Rezafungin is a novel echinocandin specifically designed for the treatment of invasive candidemia and invasive Candida infections of hospitalized patients (6). Melenotte et al. (6) reported a favorable clinical outcome in a patient with STAT1 GOF CMC who was resistant to azoles, successfully treated with rezafungin without any clinical or biological adverse effects. The advantage of its once-weekly administration not only enhances the quality of life for patients but also provides novel perspectives for antifungal prophylaxis.

The Cochleated AMB, a lipid-nanocrystal formulation utilized for targeted oral delivery of AMB, demonstrated efficacy in patients with azole-resistant CMC and showed exceptional tolerability, safety, and systemic absorption (5). Tetrazole VT-1598 represents another novel, broad-spectrum, and highly selective fungal CYP51 inhibitor (45). In vivo studies corroborated the potent inhibitory effect of VT-1598 on fluconazole-susceptible and -resistant C. albicans in IL-17 signaling-deficient mice, even following a prolonged washout period or at low doses. In vitro assessments disclosed the elimination of VT-1598 on mucosal Candida strains including fluconazole-resistant strains (45). These reports provide potential drug candidates that are promising and can significantly improve treatment options for CMC.

The potential of HDAC inhibitors to provide novel targets for CMC therapies has been demonstrated in in vitro studies. The inhibition of HDACs in cells with STAT1 GOF mutations has been shown to restore normal STAT3-dependent gene expression, which triggers the production of Th-17 cytokines that mediate protective immunity in CMC (24).
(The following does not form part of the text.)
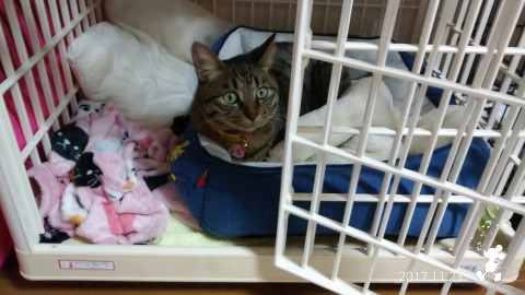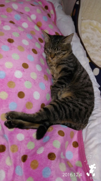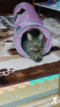 しっぽの先が少しおれている。カギしっぽ。顔は小さいがお腹はポッコリしている。脱走した日、首輪のみ発見する。そのため、首輪は着いていない状態。
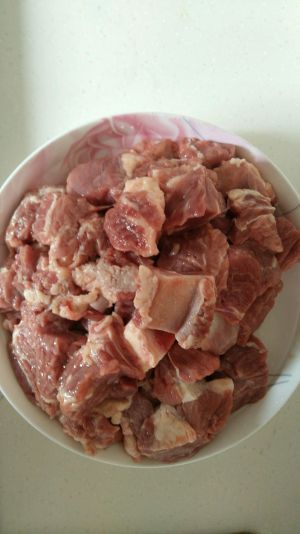 土豆适量,切块,最好大点,放入水中,去淀粉。

Pan-HDAC inhibitors have a profound influence in inhibiting innate and adaptive cytokines, and specific HDAC inhibitors, such as entinostat and RGFP966, appear to be the optimal therapeutic candidates due to their capacity to restore IL-22 production and decrease STAT1 phosphorylation (46). However, the function of HDAC inhibitors whether induce a possible risk of secondary infections needs to be investigated.